La Commission européenne a, quant à elle, rappelé son attachement "à la protection des espèces sensibles", consacrée par le droit européen. "Les efforts visant à réduire les prises accessoires de dauphins communs doivent se poursuivre", a-t-elle dit à l'AFP.
S'appuyant sur cette même législation européenne, les ONG Sea Shepherd et Défense des milieux aquatiques ont d'ailleurs déposé en décembre un recours devant la justice administrative pour demander une extension du dispositif de fermeture.
"Les délais contentieux devant le Conseil d'État sont très longs", a souligné à l'AFP l'avocate Manon Crécent, confirmant une information du quotidien Ouest-France. L'avocate espère ainsi une décision avant janvier 2027.
Arguant que "le pic de mortalité (des dauphins) se déplace", les associations réclament une extension de la fermeture à trois mois l'hiver et un mois l'été, a-t-elle ajouté.
"Le gouvernement est opposé à l'allongement des périodes de fermeture", a assuré M. Lefèvre.

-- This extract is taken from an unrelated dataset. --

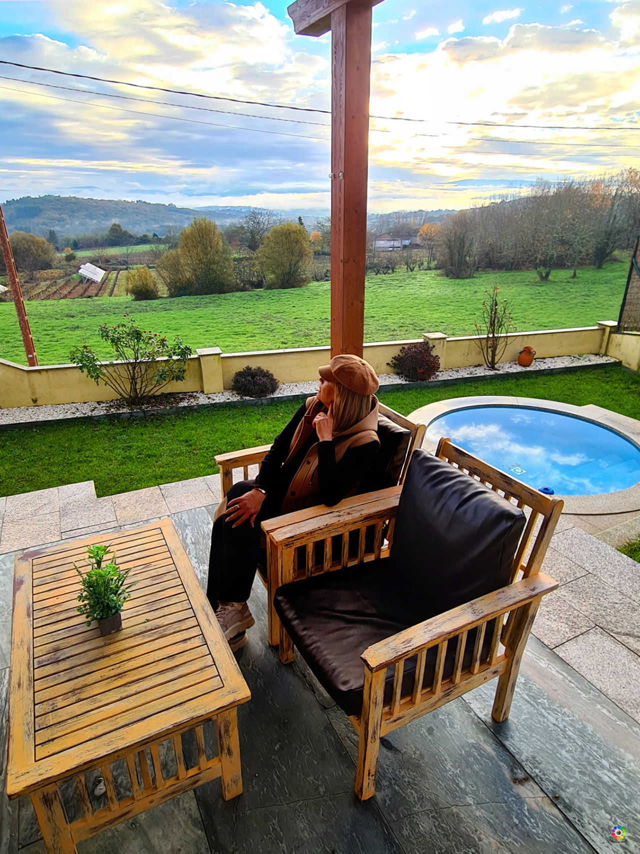 Aunque desde la terraza ( desde nuestra cabaña) apenas se ve un trocito de mar, por los árboles que estan delante, el entorno es precioso, una zona súper tranquila ideal para desconectar. Y muy cerca puedes disfrutar de una puesta de sol espectacular en Cabo Udra , hasta tienes un bar allí mismo para tomar algo, o pasear por las preciosas playas de la zona como la Playa Mourisca.
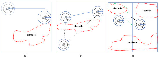 Schematic diagram of the final coverage path of the algorithms; (a) obstacle recognition; (b) distributed communication; and (c) regional transfer.

- Pas de solution technique parfaite -
C'est à la suite de deux décisions du Conseil d'État, rendues en 2023, que le mois sans pêche avait vu le jour pour la première fois l'année suivante.
Depuis, de nombreux pêcheurs se sont équipés en répulsifs acoustiques (pingers), en balises sur leurs filets et en caméras embarquées mais aucune solution technique parfaite n'émerge encore malgré les nombreuses expérimentations en cours.

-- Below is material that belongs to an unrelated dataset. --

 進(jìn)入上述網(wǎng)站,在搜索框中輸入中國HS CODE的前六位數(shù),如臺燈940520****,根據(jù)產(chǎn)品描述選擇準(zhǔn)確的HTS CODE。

"Cette troisième fermeture ne peut et ne doit pas devenir une norme", prévient le comité national des Pêches dans un communiqué, en appelant à "ouvrir une phase nouvelle, fondée sur l'évaluation des mesures mises en œuvre et le déploiement de solutions alternatives durables".
À Lorient, le fileyeur David Le Quintrec accuse le gouvernement de ne "pas défendre ses pêcheurs". "Il va falloir qu'on tape du poing sur la table!", tonne M. Le Quintrec, par ailleurs patron de l'Union française des pêcheurs artisans (UFPA), en disant regretter l'absence de visibilité dans le métier, entre mois sans pêche, baisse des quotas et hausse des coûts.